The most convenient distraction of India’s Red Scare has been that the beneficiaries of the military occupation of the forests and attendant terra nullius are corporations. The Maoist heartland coincides with the mining heartland. In the words of the prime minister: “if Left Wing extremism continues to flourish in important parts of our country which have tremendous natural resources of minerals and other precious things, that will certainly affect the climate for investment.”

The area has been slated for more than 300 tax-and-labour-law-free special economic zones. Corporations have signed 650 billion rupees worth of memorandums of understanding for resource extraction (imagine this: the value of bauxite ore, just one of the 28 precious minerals, is valued at almost $6 trillion), and infrastructure development such as dams and power plants. A Ministry of Rural Development report has termed it “the biggest grab of tribal lands after Columbus”.

In her most recent essay, Arundhati Roy writes: “The Maoists are not the only ones who seek to depose the Indian State. It’s already been deposed several times by Hindu fundamentalism and economic totalitarianism....Almost from the moment India became a sovereign nation, it turned into a colonial power, annexing territory, waging war.”

There is now a complaint against Roy under the Chhattisgarh Special Public Security Act. Outrageous but not as gruesome as the arrests, police shootings, and in-custody torture of non-Naxal activists including doctors and journalists. Yet another purpose of Green Hunt emerges: quelling any dissent by brandishing the conveniently exaggerated “Maoist sympathizer” catch-phrase. Like the other democratic oases U.S. and Israel, Enemies are necessary (and easily drummed-up post-9/11) to justify military crackdowns, corporate looting, and human rights violations.

Still, rural resistance is declaring Jaan denge par jameen nahin denge (We’ll give our lives, but never our land) and mobilizations across the country are reaffirming the demand jal, jangal, jameen (water, land, livelihood). A communique from the Kenddungri Panchyat in West Bengal reads: “You distribute a few crumbs amongst us, the poor, and then hang the label ”˜development’. Every 300 out of 1000 adivasi children die before the age of five. If we call this your silent terrorism would that be wrong? We regard as a new independence our power to stand up united and resist.”

The human rights network Sanhati has drafted a proposal calling for negotiations upon the cessation of police-paramilitary actions and cancellation of development projects.

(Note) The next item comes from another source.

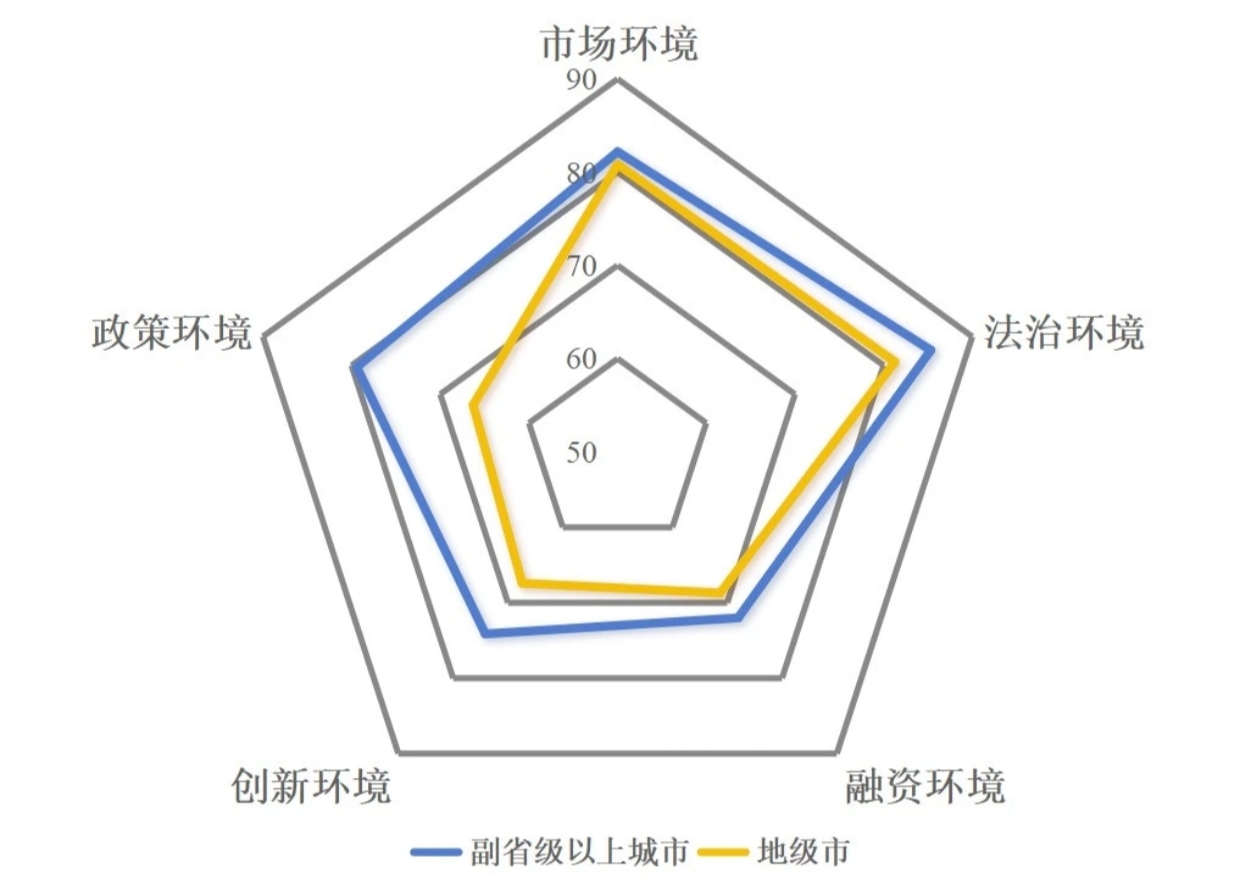 2024年度中小企业发展环境评估报告 中小企业联系千家万户,是推动创新、促进就业、改善民生的重要力量。习近平总书记多次对中小企业工作作出重要指示批示,要求“各级党委和政府要坚决贯彻落实党中央决策部署,为中小企业发展营造良好环境”。为深入贯彻落实党中央、国务院决策部署,优化中小企业发展环境,激发中小企业发展活力,按照《中华人民共和国中小企业促进法》有关要求,2024年,中国中小企业发展促进中心继续开展中小企业发展环境评估工作,形成评估报告。有关情况如下: 一、评估工作情况 一是聚焦落实促进中小企业发展工作新要求新部署,完善评估指标体系。为全面贯彻党中央、国务院的决策部署,落实党的二十届三中全会有关要求,本次评估在保持“市场环境、法治环境、融资环境、创新环境、政策环境”5个维度为核心的指标体系总体稳定基础上,对部分三级指标调整优化。指标体系由5个一级指标,24个二级指标,41个三级指标构成。 二是多渠道获取评估数据,深入了解企业对发展环境的真实反馈。本次评估通过组织50个参评城市报送相关情况,对企业开展网上调查,选取部分城市开展实地调研,引用和加工权威机构数据等方式,确保评估结果全面、真实、有效。共收集有效问卷5万余份,通过大量实地面对面座谈,深入了解企业对发展环境的真实反馈。 三是全方位多角度深入分析,切实发挥评估工作促进效用。充分利用评估过程中收集的数据,从城市能级、区域及行业等多个角度,深入分析中小企业发展环境真实情况、主要特征。同时加强案例分析,充分体现评估工作开展以来取得的成效,为各参评城市进一步优化中小企业发展环境提供借鉴参考。 二、评估主要结论 (一)参评城市发展环境基本特征 2024年度评估显示,我国中小企业发展环境总体持续优化,大部分城市发展环境较上年呈现不同程度的改善,但不同区域、城市、行业之间仍存在一定差异,主要体现在: 1. 市场环境整体表现较为均衡,全国统一大市场建设成效显现 从5大类环境看,各参评城市的市场环境得分离散度最低,反映出各城市在市场环境上的差距持续缩小。从不同区域、不同能级城市表现来看,东、中、西部及东北地区城市,以及副省级以上城市和地级市在市场环境上的得分最为接近,整体表现均衡。近年来,各参评城市深入落实市场准入负面清单制度,推动公平竞争审查,着力破除各种隐性壁垒,加大力度推进“高效办成一件事”。问卷数据显示,九成以上企业在市场准入、要素保障、政务服务等方面均表示满意。同时,各参评城市深入推进社会信用体系建设,推动信用服务实体经济,44个参评城市的综合信用指数较上年有所提升。整体来看,随着全国统一大市场建设持续深入推进,中小企业市场环境优化成效显著。 图1 参评城市综合得分及各项一级指标得分离散系数 2. 副省级以上城市领跑,地级市潜力持续释放 评估结果显示,副省级以上城市综合优势突出,在全部参评城市综合排名前10位中占据9席,且各项一级指标得分均值皆高于地级市参评城市。其中,在创新环境和政策环境两个方面的优势最为明显,19个副省级城市拥有的国家级创新载体数量占50个参评城市总数的55%,新增发明专利授权量占总数的76.52%,技术合同成交额占总数的82.07%;超七成副省级以上城市已设立专门的中小企业发展基金,比地级市高出五成,副省级以上城市中小企业公共服务机构区县覆盖率均值达82.03%,比地级市高出21.36个百分点。同时,部分地级市实现差异化突围,苏州、无锡、合肥、金华、长沙、东莞依托自身资源禀赋和产业优势,持续优化中小企业发展环境,充分释放发展潜力,成功跻身参评城市前20。但大部分地级市在营造创新生态、获取政策资源等方面仍存在一定短板,潜力有待进一步释放。 图2 不同行政级别参评城市各项一级指标得分均值雷达图 3. 东部地区发展环境全面领先,其他地区追赶提速 评估结果显示,东部参评城市各项一级指标得分均值领先其他区域,参评城市中综合得分排名前10位均为东部城市,其中长三角地区城市占据半数,上海蝉联排名第一。其他地区城市则呈现明显追赶趋势,武汉、成都等城市得分排名位列前15,西安创新环境排名跻身前5,合肥市场环境和融资环境均进入前10。但同时,西部和中部参评城市在政策落实方面仍有较大改进空间,问卷数据显示,反映政策“够不着”(34.15%,31.42%)、“落不了”(37.00%,39.74%)问题的企业占比相对较多,而东北地区企业在保护产权和企业家权益(18.84%)、规范涉企行政执法(17.62%)等方面反映较多。 图3 各区域参评城市一级指标得分均值雷达图 4. 企业营收整体保持稳定,专精特新中小企业韧性更强 问卷数据显示,2024年度中小企业营业收入水平整体保持稳定,反映上升或持平的企业数量达到六成,但企业盈利能力持续承压,反映下降的企业占比较上年度增加9.45个百分点,达到45.09%,增收不增利现象较为明显。专精特新中小企业体现出更强的经营韧性,问卷数据显示,64.69%的专精特新中小企业营业收入与上年相比有所增长或持平,比非专精特新中小企业高出8.09个百分点;专精特新中小企业对未来的预期更好、信心更足,63.98%的企业未来一年有创新研发计划,40.35%的企业有投资计划,比非专精特新中小企业分别高出34.13和17.99个百分点。 图4 各类型企

A recently concluded Independent People’s Tribunal on Land Acquisition, Resource Grab, and Operation Green Hunt released comprehensive recommendations including: immediate termination of Green Hunt; ending all compulsory acquisition of land and forced displacement; publicly releasing details of all memorandums of understanding; and transforming to a sustainable model based on local agrarian economies instead of extractive industries.

This epic battle of a fattened corporate capitalism versus a dying land and its inhabitants, of blood-thirsty robotic paramilitaries versus a contradictory and living rebel force is fit for an Avatar remake. Except Jake Sully may want to add his name to the struggle by staying home and dismantling North American mining and investment interests that are colonizing India’s (heart)land and most of the planet.

Harsha Walia is a local activist and writer who has been named one of B.C.’s 100 most influential Indo-Canadians. Walia is a member of the South Asian Network for Secularism and Democracy, which will host a film screening and discussion—“What Operation Green Hunt Means for India?”—on May 9 at 1:30 p.m. at SFU Harbour Centre.

Comments

3 Comments

GZari

Apr 29, 2010 at 10:35pm

Excellent article

Susan Campbell

May 1, 2010 at 7:43am

Harsha has clearly as well as briefly explained a subject with importance well beyond India.

Thanks,
S. Campbell, Montreal

DevenP

May 2, 2010 at 3:45pm

An excellent resource on this topic is the Naxalite Rage weblog.